United States District Court, N.D. Indiana, South Bend Division

May 16, 2019




         This is a declaratory judgment action filed by Allstate Vehicle and Property Insurance Company, seeking a declaration that it does not owe any indemnity or duty to defend to defendant Matthew Richardson in separate lawsuit filed in Indiana state court. That separate lawsuit is a wrongful death action, brought against Richardson by the Estate of Joshua C. Smith. Before me are two motions, defendant Richardson's Motion to Dismiss or in the Alternative Stay the Proceedings [DE 50], and plaintiff Allstate's Motion for Summary Judgment [DE 62.] For the reasons outlined below, I will deny Richardson's motion to dismiss/stay and grant Allstate's motion for summary judgment on its declaratory judgment claims.

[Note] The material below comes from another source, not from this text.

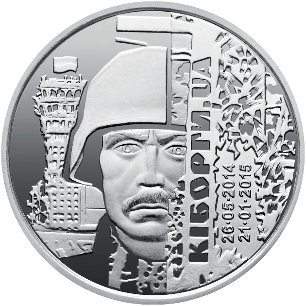 A conventionalized composition shows an airport defender before a half-ruined control tower flying a Ukrainian flag. To the right are bullet-ridden metal structures with the vertical text: КІБОРГИ. UA/ 26•05•2014/21•01•2015 (CYBORGS. UA/ 26•05•2014/21•01•2015).

          This case began with a road rage incident which occurred on December 18, 2015. After the incident-and the exact timeline of events and reasons for them remain unclear-Richardson drove home and Joshua C. Smith, the other motorist, drove to the same address. From there things got tragic. There was an altercation between Smith and Richardson, and at some point, Richardson came outside of his home with a loaded firearm. A bullet was fired from Richardson's gun which struck Smith in his femoral artery. Smith later died from his injuries.

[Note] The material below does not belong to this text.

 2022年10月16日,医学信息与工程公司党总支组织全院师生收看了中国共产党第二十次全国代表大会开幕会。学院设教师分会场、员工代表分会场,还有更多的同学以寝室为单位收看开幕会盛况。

         Richardson was charged with multiple crimes. He proceeded to trial, and Richardson was found guilty of and convicted of murder under Indiana Code 35-42-1-1(1) and pointing a firearm at another under Indiana Code 35-47-4-3(b). Specifically, Richardson was found to have “knowingly or intentionally kill[ed] another human being.” I.C. 35-42-1-1(1). As a result of these convictions, Richardson was sentenced to 55 years in prison. [DE 64-6 at 4 (Def.'s Resps. to Pl.'s Reqs. for Admissions).] Richardson remains in prison at this time.

         Richardson appealed his criminal convictions, but his appeal was dismissed with prejudice by the Court of Appeals of Indiana on September 28, 2017. [DE 52-1.] The dismissal order indicates that the appeal was dismissed because Richardson failed to timely file his brief. There is no evidence that Richardson sought review of his conviction or the Court of Appeals' order with the Indiana Supreme Court. Nor is there evidence that he has filed any other post-conviction relief, let alone any such relief that has been granted.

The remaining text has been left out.